Sin embargo, cabe el temor de que los protagonistas centrales de este ejercicio tiendan a aceptar un mal resultado por la suposición de que, en caso contrario, el escenario será peor.
Semanas atrás estaba claro que los principales socios comerciales de Estados Unidos (Canadá, que concentra el 75 por ciento de su intercambio con ese mercado; México el 83 por ciento de sus exportaciones, la Unión Europea, India y China) quieren un fértil diálogo con Washington, sin abandonar la ventana de la OMC, así como la de aplicar la consiguiente represalia simétrica, en caso de estancamiento o fracaso de las negociaciones.
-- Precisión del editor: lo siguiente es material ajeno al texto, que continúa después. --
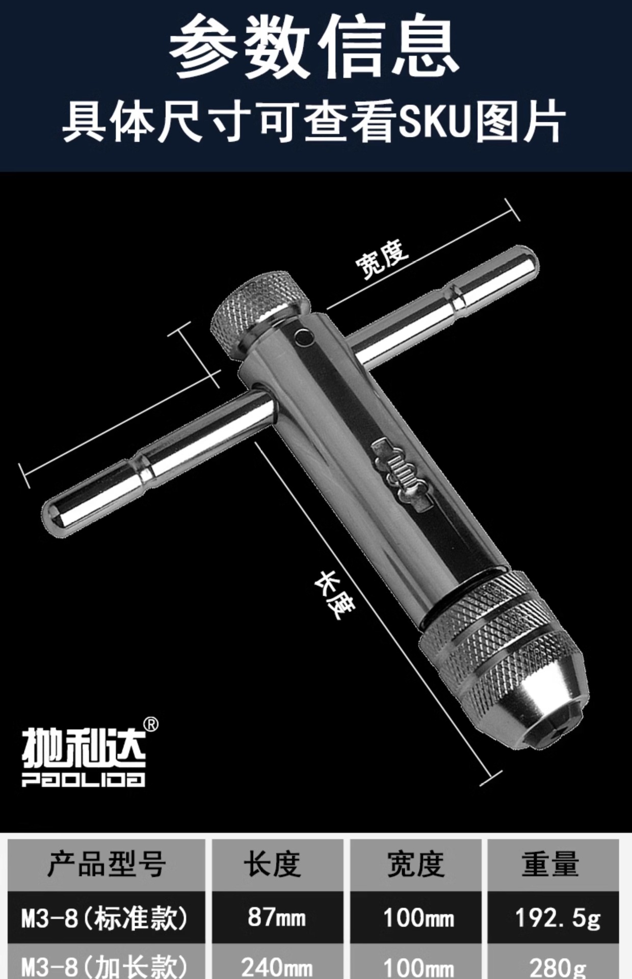 타이거 렌치, 조절식 T형 래칫 탭 렌치, 확장형 수동 탭핑 도구 세트

Obviamente, el hecho de que Estados Unidos esté canalizando todas esas negociaciones por fuera de la OMC, es una puñalada muy pero muy peligrosa a la salud económica del planeta. Hay que ser muy tonto o analfabeto para descartar una Crisis como la que ya tuvimos en 1930.
Por otro lado, a la Casa Blanca le interesa gravar con aranceles más altos la importación de ciertos sectores ultra sensibles como el farmacéutico, la industria automotriz, el acero y el aluminio.
Al menos dos respetables especialistas de distinto color político, un columnista del Wall Street Journal (WSJ), y otro del Consejo para las Relaciones Internacionales de los Estados Unidos (su sigla inglesa es CFR), decidieron proponer una alternativa de estrategia comercial con el objetivo de frenar el confuso y circense enfoque tarifario que emplean Donald Trump y sus apóstoles. Ellos sugieren organizar una alianza para reformar la OMC y resolver el problema central de la expansión china. El problema es que en Estados Unidos casi todos olvidan que las negras, sus socios comerciales, también juegan.
Tampoco se dan cuenta de que, en estas horas, la política comercial es un peligroso juego geopolítico.